Are We Solving The Right Problem?
- If nothing changes in the next 12–24 months, what single outcome would hurt your surgical program the most (volume loss, recruitment, margins, reputation, etc.)?
- Which of these is currently the primary driver behind considering a robotic investment?
- How long has this driver been a priority for your team, and how has urgency changed over time?
- Who internally argues most strongly against moving forward, and what are their core concerns?
- What would happen to patient referrals, surgeon hiring, or service line reputation if you delayed a decision another year?
What’s Actually Happening in Your ORs Today?
- Where is your OR throughput or case mix leaking clinical or financial value today?

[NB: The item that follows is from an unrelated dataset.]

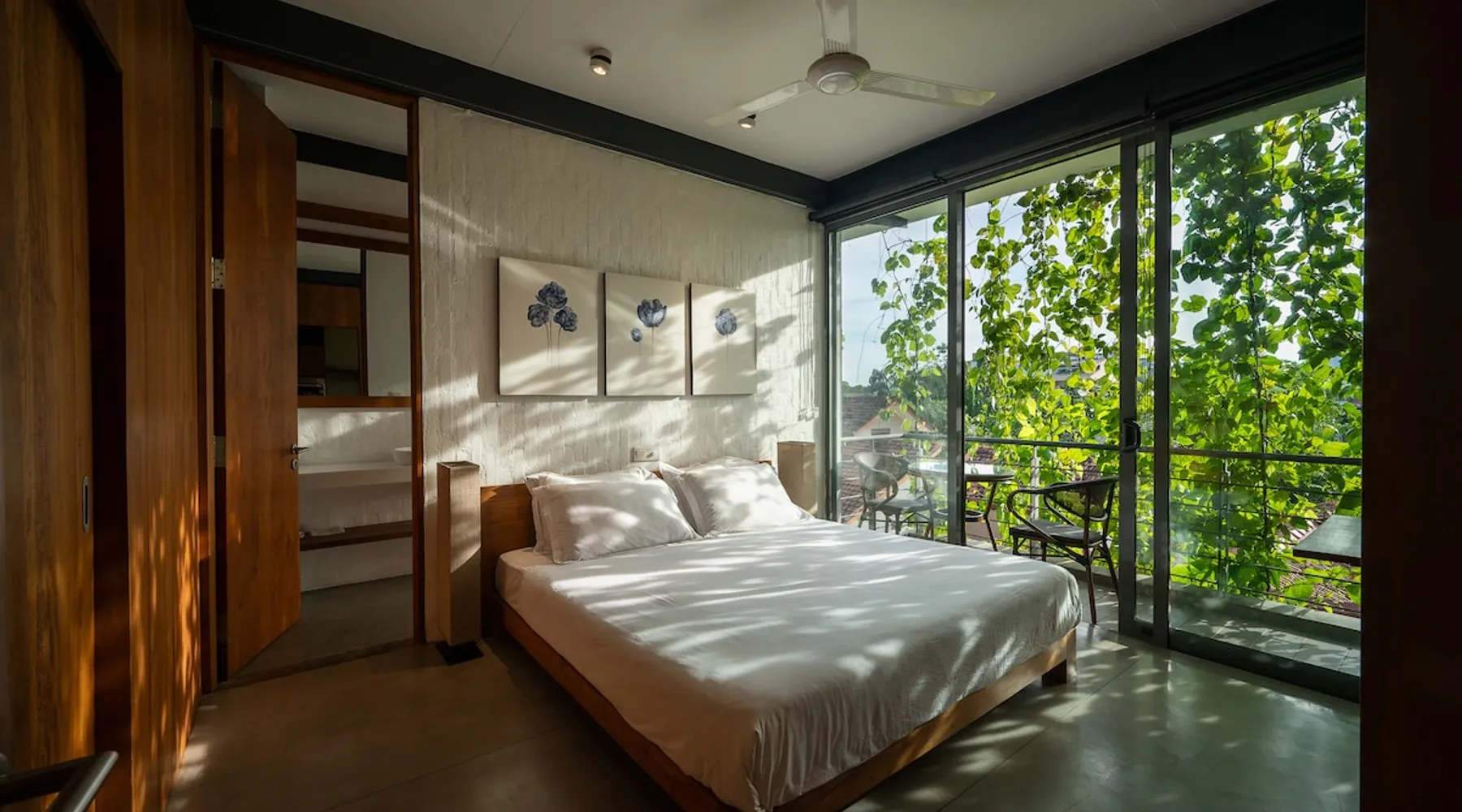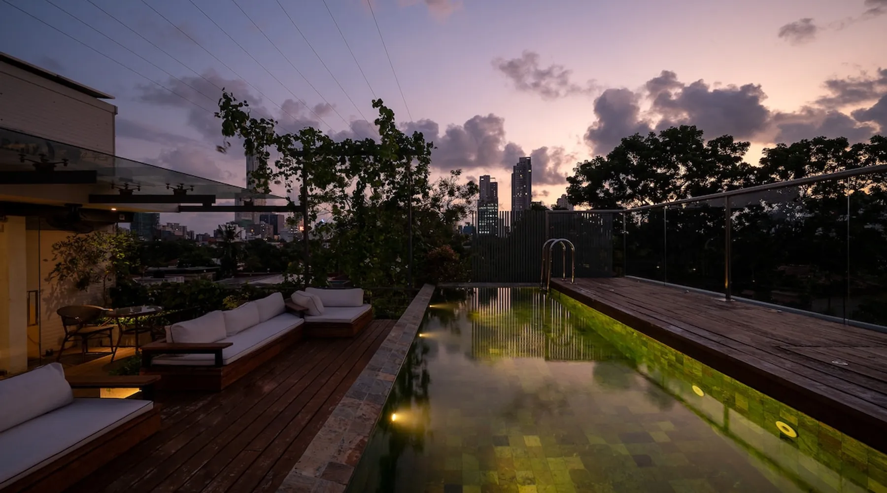 classy. contemporary. cosmopolitan. 55 FLOWERROAD has 3 turn-key 2BR apartments and two tiny houses, with spaces aimed to make your stay with us feel like home. Located in the heart of Colombo's most desirable residential area, 55FLOWERROAD promises you a perfect Colombo home with a class and character of its own. GF - THE NOOK & Parking for Units A, B, C 1st floor: Unit A 2 floor: Unit B 3rd floor: Unit C 4th floor: THE LOFT Rooftop: pool, micro gym, terrace vQS8L The space 55 FLOWERROAD - Units A, B, & C Each apartment has been designed to maximise the use of its ~1000sqft floor area. The double-glazed glass sliding doors that open out from the bedrooms, living, and dining areas to the balconies allow cross-ventilation and natural light throughout, and also act as noise and heat barriers during the hotter and busier times of the day. Privacy is maintained with roller blinds, with additional blackout blinds in bedrooms to ensure restful sleep. The open-plan living spaces have been thoughtfully appointed to meet your every need. THE LOFT & THE NOOK Embracing tiny house dwelling features, THE LOFT @FIFTYFIVE and THE NOOK @FIFTYFIVE offer a unique adventure seeped in comfort, convenience, and character. Guest access Each independent apartment has a private entrance. The street-level covered parking space takes you directly to the entrance lobby with the elevator and stairs that serve the apartments, rooftop terrace, pool and micro gym, and service areas. Other things to note A 40kva back-up generator gives uninterrupted power supply. Especially in times when the country is experiencing an extended period of dry weather, it's not unusual for the island to have power outages. Two bottles of drinking water are supplied to the apartment and a water dispenser is located in an easy to access location within the building for topping up. The rooftop pool (L20 feet x W6.5 feet x D3.25 feet) and the rooftop area are shared with other guests in the building. The building has five units with a combined maximum capacity of 15 guests.

- Please list current annual case volumes by specialty you expect to use the robot (urology, gyn, colorectal, general, thoracic, ENT, other).
- Which robotic or minimally invasive platforms are in regular use today, and what average uptime or availability do you experience with them?
- Which surgeons or specialties are most likely to adopt a new system immediately, and who will need the most convincing?
- What specific workflow or OR staffing constraints regularly limit your ability to add robotic cases (e.g., anesthesiology coverage, scrub tech experience, room footprint)?
- How often do instrument or consumable shortages, service outages, or software issues cause case delay or cancellation?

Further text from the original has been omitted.